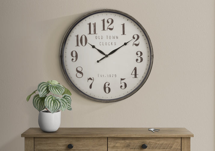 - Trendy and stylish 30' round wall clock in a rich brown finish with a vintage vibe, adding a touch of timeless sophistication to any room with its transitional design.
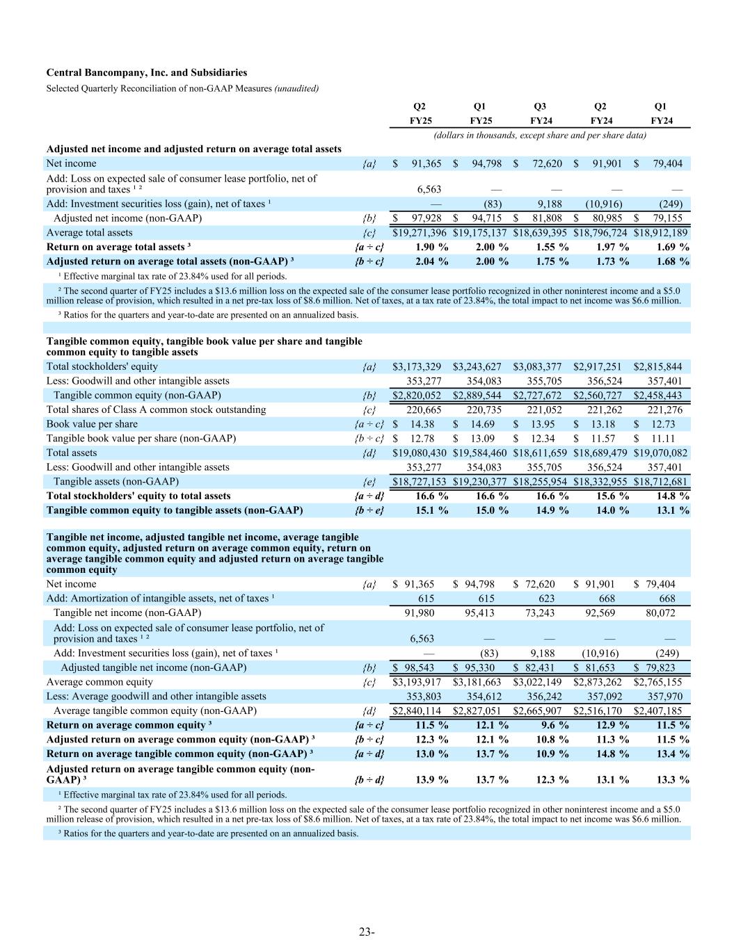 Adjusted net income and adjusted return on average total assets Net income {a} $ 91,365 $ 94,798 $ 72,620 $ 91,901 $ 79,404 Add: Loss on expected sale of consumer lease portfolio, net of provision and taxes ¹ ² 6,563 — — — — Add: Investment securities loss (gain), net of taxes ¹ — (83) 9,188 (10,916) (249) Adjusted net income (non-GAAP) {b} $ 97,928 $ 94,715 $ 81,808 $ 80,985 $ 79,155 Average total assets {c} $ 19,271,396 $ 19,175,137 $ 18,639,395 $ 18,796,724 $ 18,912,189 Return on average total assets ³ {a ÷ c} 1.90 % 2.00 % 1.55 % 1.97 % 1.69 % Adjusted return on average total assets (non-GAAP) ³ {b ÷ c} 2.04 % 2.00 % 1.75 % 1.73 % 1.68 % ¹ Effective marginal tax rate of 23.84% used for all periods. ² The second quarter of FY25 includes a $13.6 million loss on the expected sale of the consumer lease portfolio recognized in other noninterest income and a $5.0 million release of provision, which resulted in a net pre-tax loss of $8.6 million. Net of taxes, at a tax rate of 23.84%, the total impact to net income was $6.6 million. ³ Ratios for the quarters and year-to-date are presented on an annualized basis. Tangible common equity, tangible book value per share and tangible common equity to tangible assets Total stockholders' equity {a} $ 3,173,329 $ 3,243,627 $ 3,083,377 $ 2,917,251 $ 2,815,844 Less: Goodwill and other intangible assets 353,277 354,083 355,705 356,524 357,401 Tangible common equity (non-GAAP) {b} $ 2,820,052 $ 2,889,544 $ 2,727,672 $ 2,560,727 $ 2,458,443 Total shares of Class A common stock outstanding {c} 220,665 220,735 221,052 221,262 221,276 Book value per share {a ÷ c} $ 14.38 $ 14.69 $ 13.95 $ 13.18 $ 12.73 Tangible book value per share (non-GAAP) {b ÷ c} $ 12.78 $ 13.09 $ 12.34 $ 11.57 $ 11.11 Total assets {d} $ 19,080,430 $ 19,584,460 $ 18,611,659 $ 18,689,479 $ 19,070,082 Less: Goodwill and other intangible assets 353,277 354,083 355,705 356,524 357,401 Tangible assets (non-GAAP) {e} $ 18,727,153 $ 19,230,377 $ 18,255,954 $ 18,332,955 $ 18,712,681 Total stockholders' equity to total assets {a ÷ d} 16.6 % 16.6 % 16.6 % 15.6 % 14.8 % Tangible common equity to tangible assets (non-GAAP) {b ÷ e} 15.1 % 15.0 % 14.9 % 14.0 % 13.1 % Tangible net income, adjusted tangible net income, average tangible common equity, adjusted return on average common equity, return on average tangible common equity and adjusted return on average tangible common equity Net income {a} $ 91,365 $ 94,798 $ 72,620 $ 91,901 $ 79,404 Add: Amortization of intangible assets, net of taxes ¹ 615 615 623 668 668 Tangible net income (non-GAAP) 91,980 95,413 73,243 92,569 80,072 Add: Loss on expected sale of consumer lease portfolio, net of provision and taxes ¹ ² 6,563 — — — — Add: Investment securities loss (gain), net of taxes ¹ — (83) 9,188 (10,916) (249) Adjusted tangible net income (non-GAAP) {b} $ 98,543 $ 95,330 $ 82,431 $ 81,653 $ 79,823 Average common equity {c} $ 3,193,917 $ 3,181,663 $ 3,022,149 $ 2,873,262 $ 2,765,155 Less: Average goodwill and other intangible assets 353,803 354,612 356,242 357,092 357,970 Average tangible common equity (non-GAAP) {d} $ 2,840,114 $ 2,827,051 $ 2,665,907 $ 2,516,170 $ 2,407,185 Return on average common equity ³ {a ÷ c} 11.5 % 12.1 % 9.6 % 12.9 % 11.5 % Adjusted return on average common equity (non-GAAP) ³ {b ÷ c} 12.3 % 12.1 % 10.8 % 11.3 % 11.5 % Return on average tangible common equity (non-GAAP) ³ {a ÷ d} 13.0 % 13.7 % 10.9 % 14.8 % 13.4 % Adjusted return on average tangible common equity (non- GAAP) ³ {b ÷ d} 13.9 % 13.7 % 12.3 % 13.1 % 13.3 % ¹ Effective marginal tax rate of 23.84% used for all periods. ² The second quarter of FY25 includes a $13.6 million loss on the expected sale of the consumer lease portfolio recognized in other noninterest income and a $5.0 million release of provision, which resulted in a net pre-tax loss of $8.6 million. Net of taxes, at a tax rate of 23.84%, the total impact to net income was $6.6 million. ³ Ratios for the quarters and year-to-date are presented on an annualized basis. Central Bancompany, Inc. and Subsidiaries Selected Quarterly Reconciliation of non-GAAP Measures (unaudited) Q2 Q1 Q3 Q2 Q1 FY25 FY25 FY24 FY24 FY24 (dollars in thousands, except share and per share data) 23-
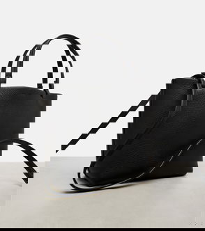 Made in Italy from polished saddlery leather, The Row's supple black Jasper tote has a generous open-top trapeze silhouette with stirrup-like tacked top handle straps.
------------------------------------------------------------
*PROBLEM STATEMENT*. Please write out all the data word for word, but keep every picture out.

*RESULT BELOW*.
 - Trendy and stylish 30' round wall clock in a rich brown finish with a vintage vibe, adding a touch of timeless sophistication to any room with its transitional design.
 Adjusted net income and adjusted return on average total assets Net income {a} $ 91,365 $ 94,798 $ 72,620 $ 91,901 $ 79,404 Add: Loss on expected sale of consumer lease portfolio, net of provision and taxes ¹ ² 6,563 — — — — Add: Investment securities loss (gain), net of taxes ¹ — (83) 9,188 (10,916) (249) Adjusted net income (non-GAAP) {b} $ 97,928 $ 94,715 $ 81,808 $ 80,985 $ 79,155 Average total assets {c} $ 19,271,396 $ 19,175,137 $ 18,639,395 $ 18,796,724 $ 18,912,189 Return on average total assets ³ {a ÷ c} 1.90 % 2.00 % 1.55 % 1.97 % 1.69 % Adjusted return on average total assets (non-GAAP) ³ {b ÷ c} 2.04 % 2.00 % 1.75 % 1.73 % 1.68 % ¹ Effective marginal tax rate of 23.84% used for all periods. ² The second quarter of FY25 includes a $13.6 million loss on the expected sale of the consumer lease portfolio recognized in other noninterest income and a $5.0 million release of provision, which resulted in a net pre-tax loss of $8.6 million. Net of taxes, at a tax rate of 23.84%, the total impact to net income was $6.6 million. ³ Ratios for the quarters and year-to-date are presented on an annualized basis. Tangible common equity, tangible book value per share and tangible common equity to tangible assets Total stockholders' equity {a} $ 3,173,329 $ 3,243,627 $ 3,083,377 $ 2,917,251 $ 2,815,844 Less: Goodwill and other intangible assets 353,277 354,083 355,705 356,524 357,401 Tangible common equity (non-GAAP) {b} $ 2,820,052 $ 2,889,544 $ 2,727,672 $ 2,560,727 $ 2,458,443 Total shares of Class A common stock outstanding {c} 220,665 220,735 221,052 221,262 221,276 Book value per share {a ÷ c} $ 14.38 $ 14.69 $ 13.95 $ 13.18 $ 12.73 Tangible book value per share (non-GAAP) {b ÷ c} $ 12.78 $ 13.09 $ 12.34 $ 11.57 $ 11.11 Total assets {d} $ 19,080,430 $ 19,584,460 $ 18,611,659 $ 18,689,479 $ 19,070,082 Less: Goodwill and other intangible assets 353,277 354,083 355,705 356,524 357,401 Tangible assets (non-GAAP) {e} $ 18,727,153 $ 19,230,377 $ 18,255,954 $ 18,332,955 $ 18,712,681 Total stockholders' equity to total assets {a ÷ d} 16.6 % 16.6 % 16.6 % 15.6 % 14.8 % Tangible common equity to tangible assets (non-GAAP) {b ÷ e} 15.1 % 15.0 % 14.9 % 14.0 % 13.1 % Tangible net income, adjusted tangible net income, average tangible common equity, adjusted return on average common equity, return on average tangible common equity and adjusted return on average tangible common equity Net income {a} $ 91,365 $ 94,798 $ 72,620 $ 91,901 $ 79,404 Add: Amortization of intangible assets, net of taxes ¹ 615 615 623 668 668 Tangible net income (non-GAAP) 91,980 95,413 73,243 92,569 80,072 Add: Loss on expected sale of consumer lease portfolio, net of provision and taxes ¹ ² 6,563 — — — — Add: Investment securities loss (gain), net of taxes ¹ — (83) 9,188 (10,916) (249) Adjusted tangible net income (non-GAAP) {b} $ 98,543 $ 95,330 $ 82,431 $ 81,653 $ 79,823 Average common equity {c} $ 3,193,917 $ 3,181,663 $ 3,022,149 $ 2,873,262 $ 2,765,155 Less: Average goodwill and other intangible assets 353,803 354,612 356,242 357,092 357,970 Average tangible common equity (non-GAAP) {d} $ 2,840,114 $ 2,827,051 $ 2,665,907 $ 2,516,170 $ 2,407,185 Return on average common equity ³ {a ÷ c} 11.5 % 12.1 % 9.6 % 12.9 % 11.5 % Adjusted return on average common equity (non-GAAP) ³ {b ÷ c} 12.3 % 12.1 % 10.8 % 11.3 % 11.5 % Return on average tangible common equity (non-GAAP) ³ {a ÷ d} 13.0 % 13.7 % 10.9 % 14.8 % 13.4 % Adjusted return on average tangible common equity (non- GAAP) ³ {b ÷ d} 13.9 % 13.7 % 12.3 % 13.1 % 13.3 % ¹ Effective marginal tax rate of 23.84% used for all periods. ² The second quarter of FY25 includes a $13.6 million loss on the expected sale of the consumer lease portfolio recognized in other noninterest income and a $5.0 million release of provision, which resulted in a net pre-tax loss of $8.6 million. Net of taxes, at a tax rate of 23.84%, the total impact to net income was $6.6 million. ³ Ratios for the quarters and year-to-date are presented on an annualized basis. Central Bancompany, Inc. and Subsidiaries Selected Quarterly Reconciliation of non-GAAP Measures (unaudited) Q2 Q1 Q3 Q2 Q1 FY25 FY25 FY24 FY24 FY24 (dollars in thousands, except share and per share data) 23-
 Made in Italy from polished saddlery leather, The Row's supple black Jasper tote has a generous open-top trapeze silhouette with stirrup-like tacked top handle straps.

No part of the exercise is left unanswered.